New Jersey Transit, the third largest transit system in the U.S., is continuing its efforts to improve customer service by seeking feedback from its rail and bus customers.

NJ Transit trains (Annette Petriccione, Townsquare Media NJ)

In 2011, the agency launched its Scorecard initiative, which  includes an online customer survey that gives riders the chance to rate NJ Transit's overall performance in several areas including communication, rail and bus comfort, parking lot safety and customer service.

Customers are also able to offer suggestions for improvement, which NJ Transit said it uses to make meaningful management decisions.

"Soliciting customer feedback and getting customer satisfaction is now a top priority at NJ Transit. We encourage people to reach out to us with emails and through customer satisfaction surveys. If there's something that we're missing, we want to hear from our customers," said William Smith, a spokesperson for NJ Transit.

One of the improvements made thanks to the customer service surveys is more accessibility to Wi-Fi.  "A program has been launched to offer Wi-Fi at many train stations across the state. Currently there are 40 rail stations that are on-air, and by the end of the year, another 30 stations will be added to the network," Smith said.

In April 2013, NJ Transit introduced a pilot program for rail customers on the Pascack Valley Line that allowed them to purchase and display tickets using their smartphones.  The app, called MyTix, has since been expanded to include the entire rail system.

The app was another initiative the agency launched after hearing feedback from customers.

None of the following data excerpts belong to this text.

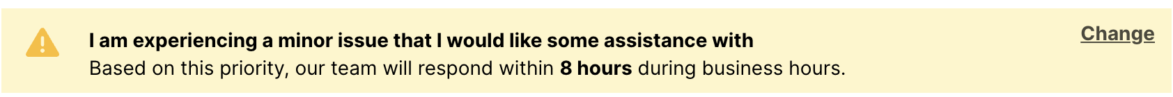 - Basado en la Categoría y Subcategoría que has seleccionado, la prioridad del problema será seleccionada automáticamente. El mensaje en pantalla te informará del tiempo esperado de cuándo se atenderá el problema.
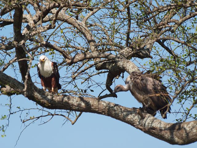 | African Fisheagle + Geier Weißrückengeier Gyps africanus | African Fisheagle + Geier Weißrückengeier Gyps africanus |
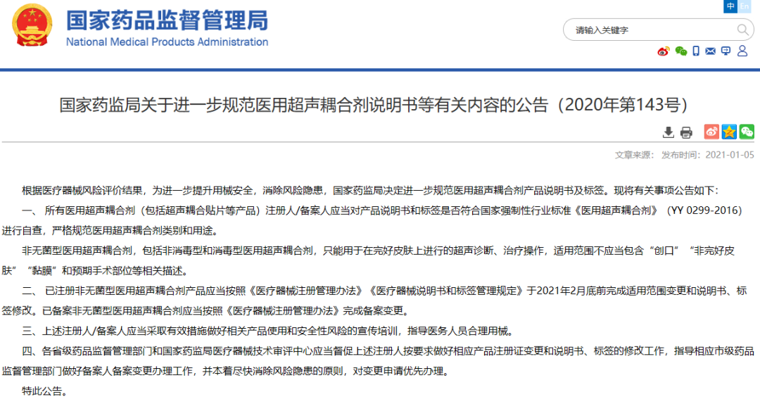關(guān)于進(jìn)一步規(guī)范醫(yī)用超聲耦合劑說明書等有關(guān)內(nèi)容的公告(2020年第143號(hào))
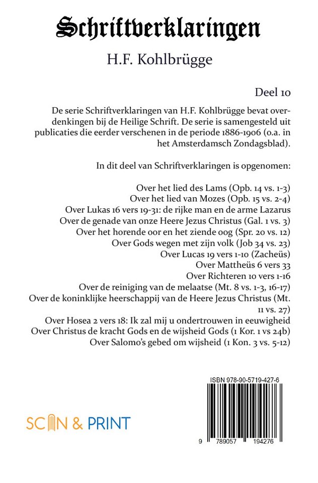 De serie Schriftverklaringen van H.F. Kohlbrügge bevat overdenkingen bij de Heilige Schrift. De serie is samengesteld uit publicaties die eerder verschenen in de periode 1886-1906 (o.a. in het Amsterdamsch Zondagsblad).
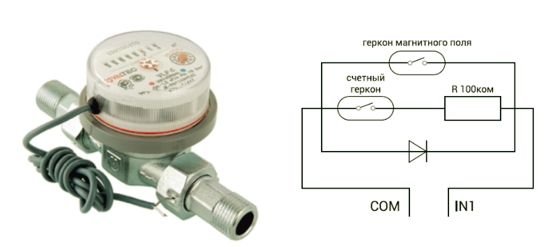 Например, водосчетчики VALTEC VLF-IС с импульсным выходом и формирователем сигнала о воздействии магнитного поля (рис. 2). Эти счетчики имеют два геркона (геркон – пара ферромагнитных контактов). Первый геркон служит для передачи в систему сбора данных информации о количестве воды, потребленной жителями квартиры. Второй геркон отвечает за индикацию и передачу в сеть сигнала, возникающего при воздействии на счетчик магнитного поля (рис. 3).
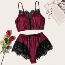 - Lace Trim Satin Lingerie Set

"Instead of going to a ticket vending machine or a ticket window, you simply buy the ticket on your phone. When the conductor comes, you show it to them," Smith said.

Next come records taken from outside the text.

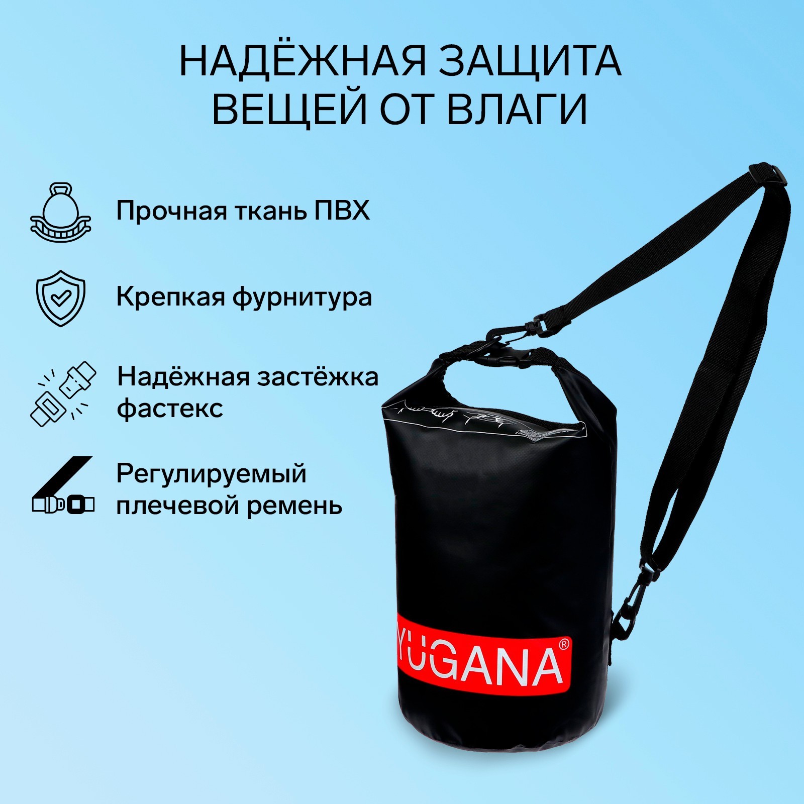 Гермомешок Yugana, пвх, водонепроницаемый 5 литров, один ремень, черный
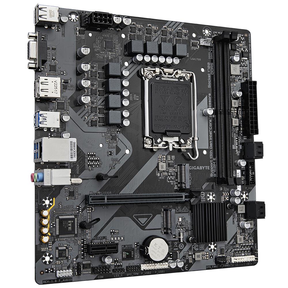 GIGABYTE B760M E Motherboard - Supports 14th Gen. Intel Core CPUs, 6+1+1 phases VRM, up to 7200MHz DDR5 (OC), 2xPCIe 4.0 M.2, 1 GbE LAN, USB 3.2 Gen 1. Processor manufacturer: Intel, Processor socket: LGA 1700, Compatible processor series: Intel® Celeron®, Intel Core i3 12th Gen, Intel Core i3 13th Gen, Intel Core i3 14th Gen, Intel.... Supported memory types: DDR5-SDRAM, Maximum internal memory: 128 GB, Memory slots type: DIMM. Supported storage drive interfaces: M.2, SATA III, Supported storage drive types: HDD & SSD, RAID levels: 0, 1, 5, 10. Maximum resolution: 4096 x 2160 pixels. Ethernet interface type: Gigabit Ethernet, LAN controller: Realtek RTL8111H
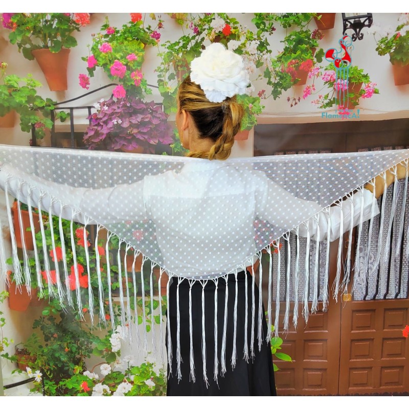Pico de flamenca de plumeti blanco. Las medidas son 140 x 50 cm aproximadamente.

The mobile ticketing program was expanded in September to bus routes in South Jersey, and the agency hopes to add it to bus routes in North Jersey as well.

"We've been hearing quite a bit from our customers in the northern part of the state, especially those that go into the Port Authority, to add mobile ticketing along those lines as well, and that's something we're looking to add in the near future," Smith said.

Since September, two million rail tickets have been purchased using MyTix, representing 25 percent of all sales.

NJ Transit's Quiet Commute program also continues to expand to other rail lines, after first launching on Northeast Corridor express trains in Sept. 2010. Trains arriving and departing Hoboken Terminal are the latest to implement the program.

The program requires passengers seated in the first and last rail cars on each peak-period train to refrain from talking on cell phones, disable sound features on laptops, tablets and other devices and maintain low conversations.

"We try to keep a library-type atmosphere," Smith said.

Many customers have also requested additional parking spaces at some train stations, but depending on the town those train stations reside in, that can be a challenge.

"In some areas, it can be limited just because of the infrastructure and existing building that surrounds some of our more established stations," Smith said.

Scorecard results are reported and updated quarterly on njtransit.com.

NJ Transit provides almost 900,000 weekday trips on 240 bus routes, 12 commuter rail lines and three light rail lines.